AGV’s or AMR robots, or what level of autonomy to use?
Automation of intralogistics processes is gaining popularity. Manufacturers compete in promoting the advantages of their vehicles and autonomous robots such as AGV (Automated Guided Vehicle) and AMR (Autonomous Mobile Robot), mainly praising the advantages of the latter. Many people wonder what exactly are the differences between the two types of transport. At first glance, the differences in the way of navigation are the most visible. Indeed, AGV’s run on magnetic or optical tapes. Such vehicles are often called line followers, while AMR robots use more sophisticated navigation methods, e.g. using SLAM (Simultaneous Localization and Mapping) technology. But is that the most important difference? And do AMR’s have to run without tapes at all?

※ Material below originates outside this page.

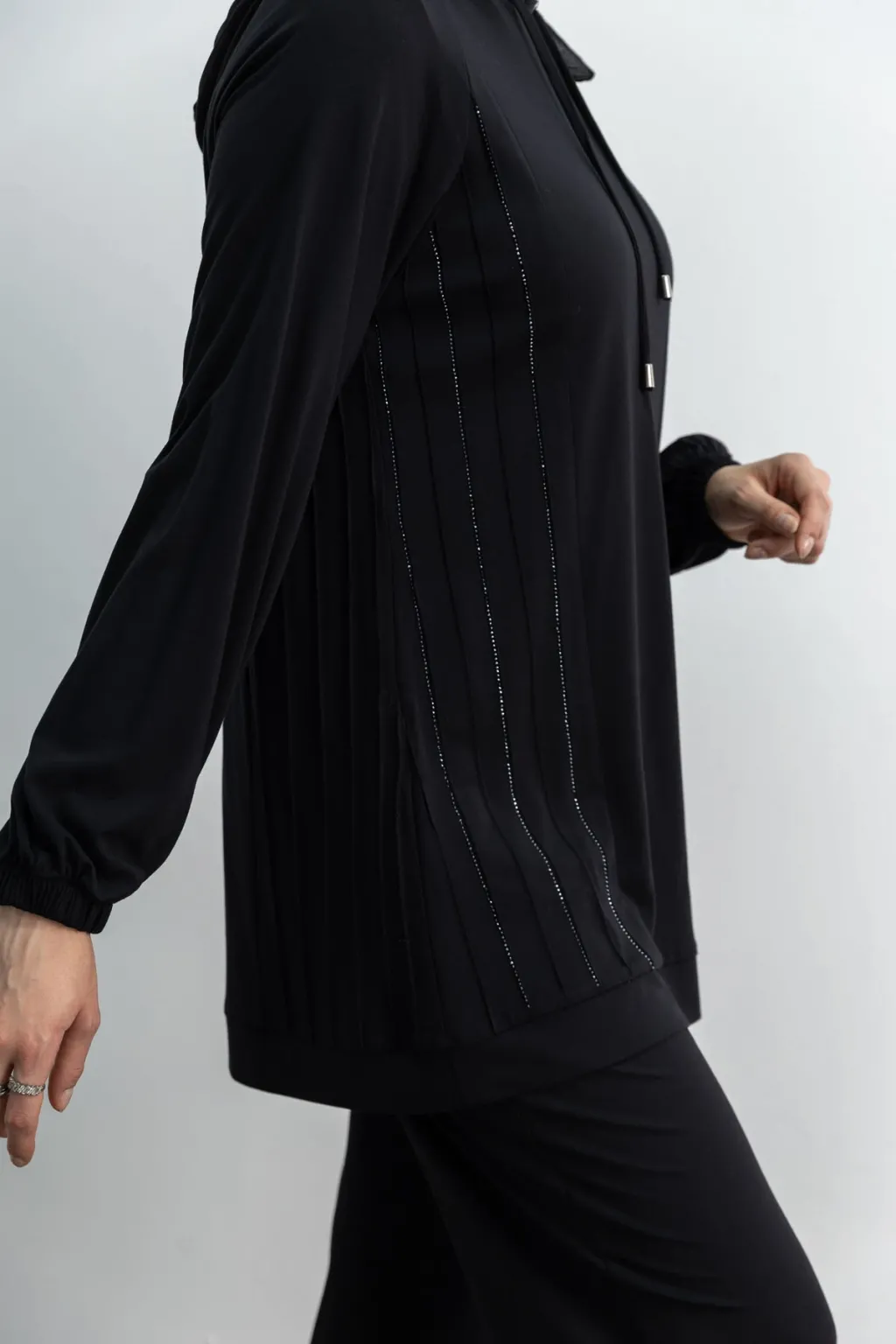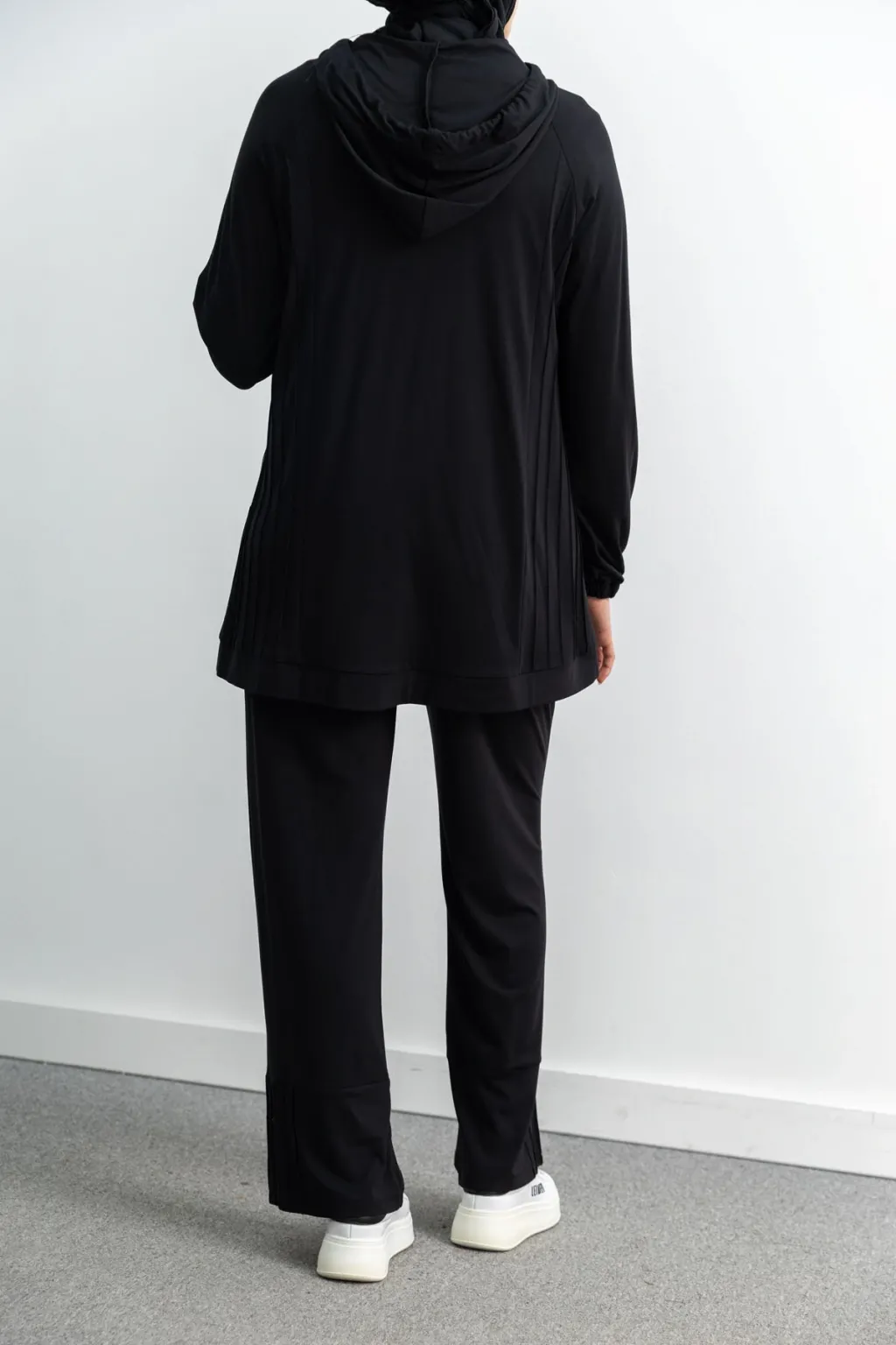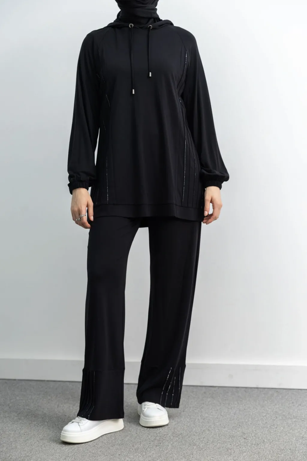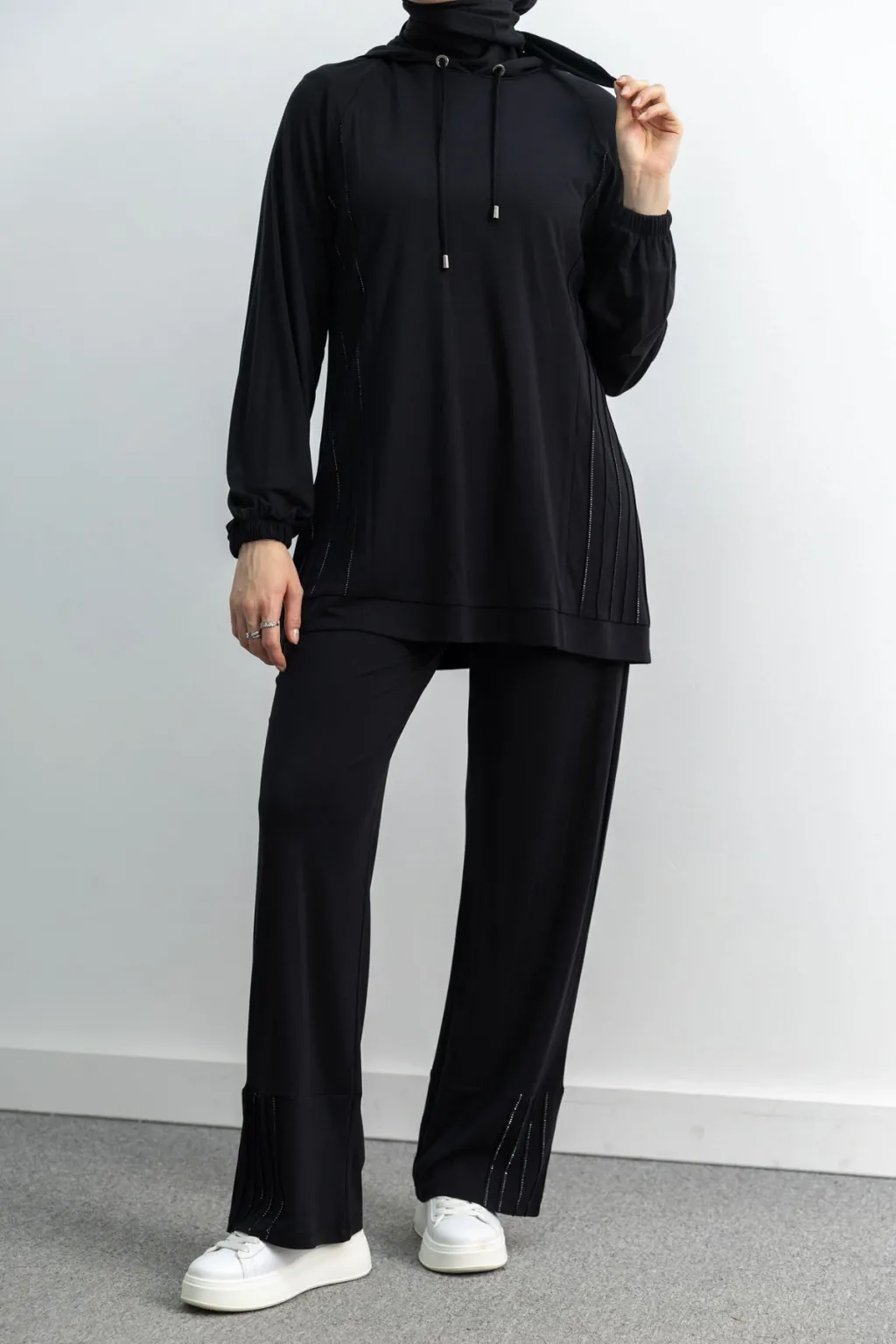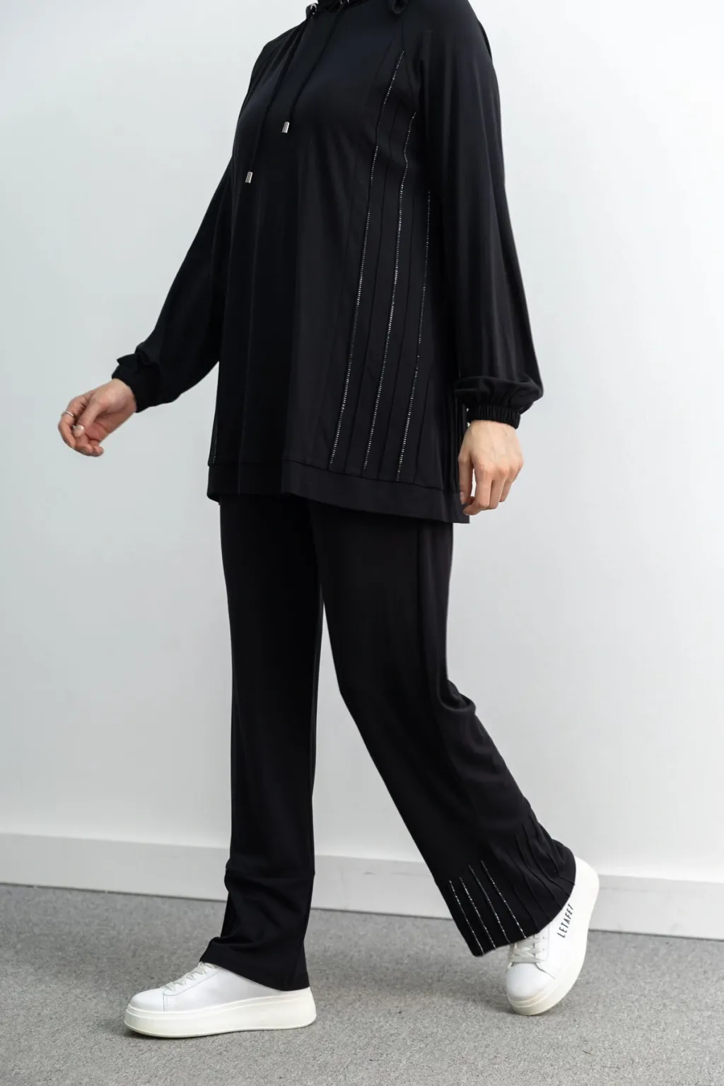 KOLU PİLİSE DETAYLI BROŞLU PANTOLONLU TAKIM - SİYAH - (Asorti: M-XXL)

At first glance, AGV and AMR look very similar. They have an almost identical mechanical structure, drive system and safety solutions. The only difference, often imperceptible, is the number of additional sensors, such as 3D cameras and high-performance control computers. So if, in terms of the hardware, both vehicles are constructed similarly, where are these fundamental differences?
The level of autonomy decides
AMR are robots with high autonomy. Thanks to it, they are able to operate in a changing industrial environment, e.g. about avoiding travel by delineating a path. On the other hand, the AGV no longer has full autonomy and the logistic tasks are up-to-date in advance on not previously defined work paths. Was it a systemic disadvantage of AGV intralogistics services? Not necessarily, it all depends on the working environment of the intralogistics system. Since the limit of autonomy at which AGV ceases to be AGV and becomes AMR has not been clearly established, analogies can be found in the world of similar technologies.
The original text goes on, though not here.